Últimamente he oído a varias
personas hablar de la crisis de valores que existe en nuestra sociedad. Los que
así hablaban eran mujeres y hombres maduros, con bagaje vital y con
responsabilidades, que al mismo tiempo que se lamentaban de la situación actual
añoraban los principios que regían cuando ellos eran jóvenes. Yo tengo por
costumbre huir de la nostalgia y, además, no estoy de acuerdo con semejantes
afirmaciones. Creo que nuestra sociedad tiene muchos defectos, algunos de los
cuales prácticamente no existían hasta hace unos cuantos años. Creo, por ejemplo, que florece un desmedido
afán de protagonismo, que se confunde la gloria con la fama y la fama con el
famoseo, creo que se ha perdido el valor de la palabra empeñada, aquel por el
que nuestro padres se obligaban de por vida con un apretón de manos, creo que
se ha arruinado buena parte de la capacidad de sacrificio, que se tiene menos
tolerancia a la frustración y que muy pocas personas son capaces de empeñarse
en un proyecto que no ofrezca réditos a corto plazo, creo que valoramos
demasiado el placer y muy poco la satisfacción y creo que se miran demasiado
las formas y muy poco el interior, especialmente el de las personas.
Pero
la mayoría de los defectos de ahora son defectos de siempre, y tienen que ver
con la envidia, con la avaricia, con la vanidad, con la ambición y con las
demás lacras que vienen envenenando al espíritu humano desde que pisamos la
Tierra. Es más, no veo en la sociedad los defectos que algunos ven. Cuando oigo
hablar, por ejemplo, de que antes se cuidaba mejor a nuestros mayores, porque
se les tenía en casa hasta que fallecían, se olvida que ese cuidado se dejaba
exclusivamente en manos de las mujeres (mujeres e hijas), que se convertían en
unas esclavas más que en unas cuidadoras, mientras los hombres (marido e hijos)
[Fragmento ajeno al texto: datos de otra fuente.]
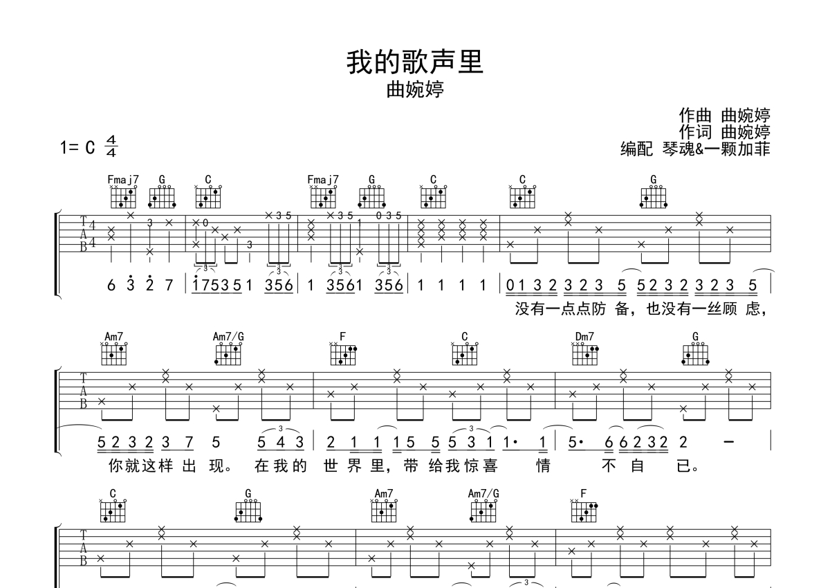 曲婉婷《我的歌声里》吉他谱 - C调弹唱六线谱

seguían con su vida de amigos y tabernas, como si tal cosa. La igualdad
(todavía no consumada) entre hombres y mujeres es un buen ejemplo de lo que ha
avanzado la sociedad, pero también lo son los derechos que tienen los mayores,
cuyo mayor beneficio es no tener que depender del favor de nadie para seguir viviendo con dignidad, lo
que se consigue con una pensión justa y con un sistemas de residencias adecuado.
Detalle del cuadro de Goya Perro Semihundido |
Si
los valores de una persona se ven por la atención que dispensa a los débiles y,
en general, a los que sufren, ese mismo criterio debemos aplicar a las
sociedades. Y los débiles y, en general, los que sufren reciben ahora de sus
vecinos un trato mucho más humano que antes. Antes, por ejemplo, una muchacha
que se quedaba embarazada debía irse del pueblo o sufría un estigma social que
no se borraba de por vida. Ese trato ha cambiado totalmente, a mejor, por
supuesto. Igual que ha cambiado a mejor el trato que se dispensa a los
discapacitados, tanto a los físicos como a los intelectuales, que hasta no hace
tanto tiempo eran objeto de mofa. La tendencia sexual, la raza y la religión,
que eran criterios con los que se medía a las personas antes de conocerlas, ya
no son de aplicación generalizada. Ahora una persona es buena o no y simpática
o no, y da igual que le gusten los hombres o las mujeres, sea blanco o negro y
de misa diaria o ateo.
Cuando
se habla de la crisis de valores, se hace especial mención a los jóvenes, lo
cual es de una injusticia y una ceguera enorme. Y no solo porque en los jóvenes
están presentes en su modo más puro las virtudes que ha logrado nuestra
sociedad, sino porque ellos están sufriendo los errores de la generación que
los crío y los educó. No se puede generalizar sin caer en la injustica
particular, por supuesto, pero puede decirse que, en general, nuestros hijos
son más solidarios que nosotros, tienen menos prejuicios, están mejor formados
y son más libres y honestos. Y puede decirse que deben buscarse su futuro en un
mundo que les cierra el paso, especialmente porque nosotros, los mayores, lo
estamos ocupando. No hay más que ver quiénes son los que tienen los sueldos
altos y los contratos fijos y quiénes los sueldos bajos y la temporalidad para
percatarse de lo difícil que les resulta entrar en un mercado laboral que no
crece y está copado por sus padres.
No
veo con optimismo el mundo de ahora, en fin, pero creo que no está tan mal
armado de valores como nos dicen. Y, desde luego, creo que existe un potencial
enorme en las generaciones que vienen, que debe aprovecharse porque es de
justicia y porque nos vendría bien a todos, especialmente a los que ya tenemos
una edad y pronto dependeremos de ellos.